Table 1 Primers used for real-time PCR analysis

Western blot analysis

Western blot experiments were performed as already described (De Chiara et al. 2010). Briefly, cell pellet was resuspended in cold lysis buffer (10 mM Tris-HCl, 150 mM NaCl, 1 mM phenylmethylsulfonyl fluoride (PMSF), phosphatase inhibitor mixture [Sigma], and 1 % Triton X-100, pH 7.4), and incubated for 30 min on ice. After centrifugation (13000×g for 30 min), the supernatants were collected and the protein concentration was determined (Bradford method, Bio-Rad). Same amount of proteins was resuspended in SDS buffer with 100 mM DTT, separated with SDS-PAGE, and blotted onto nitrocellulose membranes for western blot analysis. The membranes were blocked with 10 % nonfat dry milk in TBS-Tween 0.1% for 1 h at RT. Primary antibodies were added at a final concentration of 1 μg/ml. Secondary antibodies were horseradish peroxidase-conjugated (Jackson ImmunoResearch). Western blot membranes were developed with the Pierce ECL Plus Western Blotting Substrate (Thermo Scientific) and subjected to densitometric scanning. For additional incubation, membranes were stripped by using the RestoreTM Western Blot Stripping Buffer (Thermo Scientific).

Fractionation studies

Fractionation studies were performed mainly as already described (Lesné et al. 2006).
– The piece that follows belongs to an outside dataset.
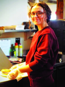 - Annelise Myer of Lisbon works on a breakfast panini sandwich for a customer Thursday afternoon at the Cider Mill Coffee and Cafe in East Fairfield, where she is employed. (Photo by Stephanie Ujhelyi)

Briefly, after the isolation of the cytoplasmic fraction, membrane-associated proteins were extracted by adding 50 mM Tris-HCl (pH 7.4), 150 mM NaCl, 0.5 % Triton X-100, 1 mM EGTA, 3 % SDS, 1 % deoxycholate, 1 mM PMSF, and protease inhibitor cocktail (Sigma-Aldrich) to the pellet of infected- or mock-infected cortical neurons. After 30′ incubation on a rotating platform, the samples were centrifuged for 90′ at 14,000×g at 4 °C. The supernatant was collected and protein concentrations were obtained with BCA Protein Assay kit (Pierce). Equal amounts of proteins from infected- and mock-infected protein extracts were incubated with MAB343 antibody (1 μg/ml) overnight at 4 °C to immunoprecipitate APP C-terminal fragments. Immunoprecipitates were separated by 15 % SDS-PAGE gel, blotted onto 0.22 μm nitrocellulose membrane and stained with BR188 antibody. Blots were developed as described above.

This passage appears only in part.